What's MCP-specific in the v0.4 / v0.4.1 wire: the gateway's Codec-Tokenizer-Map response header is the trust anchor the receiver compares the leaf payload's map_id against (mismatch → reject the result, KV-cache stays clean). codec-metamcp ships a pre-trained 16 KB MCP-shaped zstd dict by default and emits Codec-Zstd-Dict on every response so a Codec-aware client can decompress tools/list + tool-result bytes against it (~4.7× over JSON+gzip on real MCP traffic). v0.4.1 hardens the leaf reader with hash-validation before fetch (refuses a malformed mapHash instead of surfacing it later as "fetch failed") and lands dict-zstd interop across all 6 clients — the gateway can now safely rely on the wire-compression headers being honored uniformly. The generic v0.4 header floor above (capability / 426, compression negotiation, safety-policy enforcement) applies to MCP traffic the same way it applies to text-tokens and latents — not repeated here.

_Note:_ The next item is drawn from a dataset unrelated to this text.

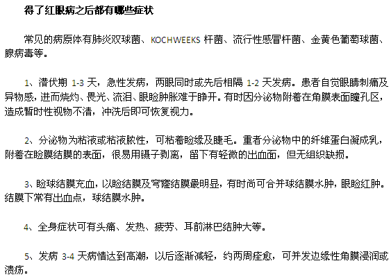 文章中小编对于红眼病的一些症状,给了一些介绍,了解完这些内容以后,大家对红眼病也有了深刻的认识,红眼病是一种细菌引起的炎症疾病,我们在生活中也要积极的进行预防,这样对我们的健康才能带来非常大的保障。

Two SDKs, two scopes for the tool-author side: codec-leaf wraps existing MCP servers (adds the _meta['ai.codec/leaf-tokenization'] payload on results); codec-tool-kit is the SDK for authoring net-new Codec-native tools as independently-hosted bolt-ons (manifest + build-time precache + runtime hashtable-lookup, gateway stays a pure token router). Both are valid; complementary in real deployments.

See codec-metamcp, codec-leaf, codec-tool-kit, @codecai/mcp-leaf, @codecai/tool-kit, codec-time-leaf reference image.

Latents (v0.3)

Image and video diffusion models stream VAE latents instead of decoded pixels. Wire shape: one LatentStreamHeader followed by one or N LatentFrames per the negotiated pipeline (one of seven: raw, int8, int4, int8-adaptive, int4-adaptive, delta+int8, delta+int4). The client runs vae_decode locally; pixels never touch the wire.

See codec-comfyui, codec-diffusers, PIPELINES.md.

Safety policies (v0.4)

A sixth HELLO/READY capability axis. Clients announce accept_safety_policies on HELLO; servers respond on READY with safety_policy_id + safety_policy_hash. The hash anchors to a sanitized descriptor served at /.well-known/codec/policies/<id>.json (and the content-addressed /sha256/<hex>.json sibling), which publishes the shape of enforcement (categories, action types, classifier family) but never operator-internal banned-token lists, regex patterns, or classifier thresholds. finish_reason: "policy_violation" surfaces when a server-side action fires. Non-breaking against v0.3 — older clients ignore the new optional fields and continue working.

See spec/versions/v0.4.md, @codecai/web-safety (browser-side prefilter + classifier registry), and codec-supervisor (server-side enforcement + admin app).